* FTSE 100 down 0.5 pct at close
* Banks buoyant, hit 4-month high
* HSBC near 4-year high on MS upgrade
* Rate-sensitive stocks weigh
* Sky jumps after Fox bid to be probed (Recasts, adds detail and updates prices at close)
By Helen Reid and Kit Rees
LONDON, June 29 (Reuters) - Robust bank and mining stocks helped Britain’s FTSE 100 index outpace European peers on Thursday, caught up in a broad slide driven by concerns over central banks potentially tightening policy.
Britain’s main share index ended 0.5 percent lower, having spent much of the session in positive territory, while euro zone stocks fell 1.7 percent.
British banks, a sector which would benefit from higher rates, jumped 2.7 percent to a four-month high after the U.S. regulator approved higher dividends and buybacks, sending a ripple effect across financial stocks worldwide.
The Fed approved plans from the 34 largest U.S. banks, including U.S. units of HSBC and Deutsche Bank, to use extra capital for stock buybacks and other purposes beyond a cushion against possible catastrophe.
HSBC was up more than 4 percent to a near four-year high, also boosted by a Morgan Stanley upgrade to ‘overweight’. Analysts said they saw capital return rising up the agenda for the bank, with around $45 billion of surplus by 2019.
“Our work suggests HSBC will be in the top quartile of EU banks for cash returns over the next three years,” said Morgan Stanley analysts.
“HSBC’s weighting towards Asia sets it apart from everything else that’s listed here. I can see why there’s potential for a split where people start looking at HSBC instead of Lloyds, who are far more exposed to Brexit risks,” said Gareth Burchell, partner at Shard Capital.

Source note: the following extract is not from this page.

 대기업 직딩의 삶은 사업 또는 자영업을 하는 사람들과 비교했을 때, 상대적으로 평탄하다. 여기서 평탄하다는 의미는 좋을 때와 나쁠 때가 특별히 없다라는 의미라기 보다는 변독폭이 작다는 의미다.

“HSBC pays a very high dividend which is also attractive.”
Miners Rio Tinto, Glencore, Antofagasta and Anglo American also lent support as copper and gold prices climbed against the weaker dollar.
Shares in broadcaster Sky rose 3.3 percent after the UK government said that it intended to subject Rupert Murdoch’s takeover of the group to an in-depth investigation after finding the $15 billion deal risked giving the media mogul too much power over the news agenda.

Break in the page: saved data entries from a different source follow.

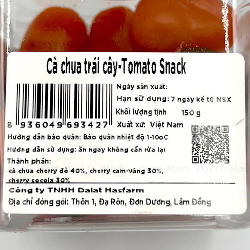 Thành phần: cà chua cherry đỏ 40%, cherry cam - vàng 30%, cherry socola 30%
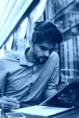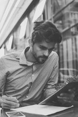 Business man working on digital tablet in street cafe. Businessman writing document.
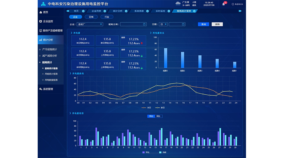 按企業(yè)、區(qū)域、行業(yè)三個維度統(tǒng)計在查詢時間內的用電能耗相關數據。

Sky’s shares rose on hopes a full investigation could still be averted by concessions over its 24-hour TV news channel.
While the sell-off was broad-based, consumer staples were the biggest weight, with British American Tobacco, Unilever, Reckitt Benckiser and Diageo coming under pressure following more hawkish signals from central banks, including the Bank of England on Wednesday.
The dividends of such interest-rate sensitive stocks look less attractive when rates are expected to rise.
Mid-caps also saw some robust company moves, with hefty losses from JD Sports sending the index down 0.7 percent.
Packaging company DS Smith jumped 8.4 percent, hitting an all-time high after reporting upbeat full-year results and a planned $920 million acquisition of 80 percent of U.S. corrugated packaging firm Interstate Resources.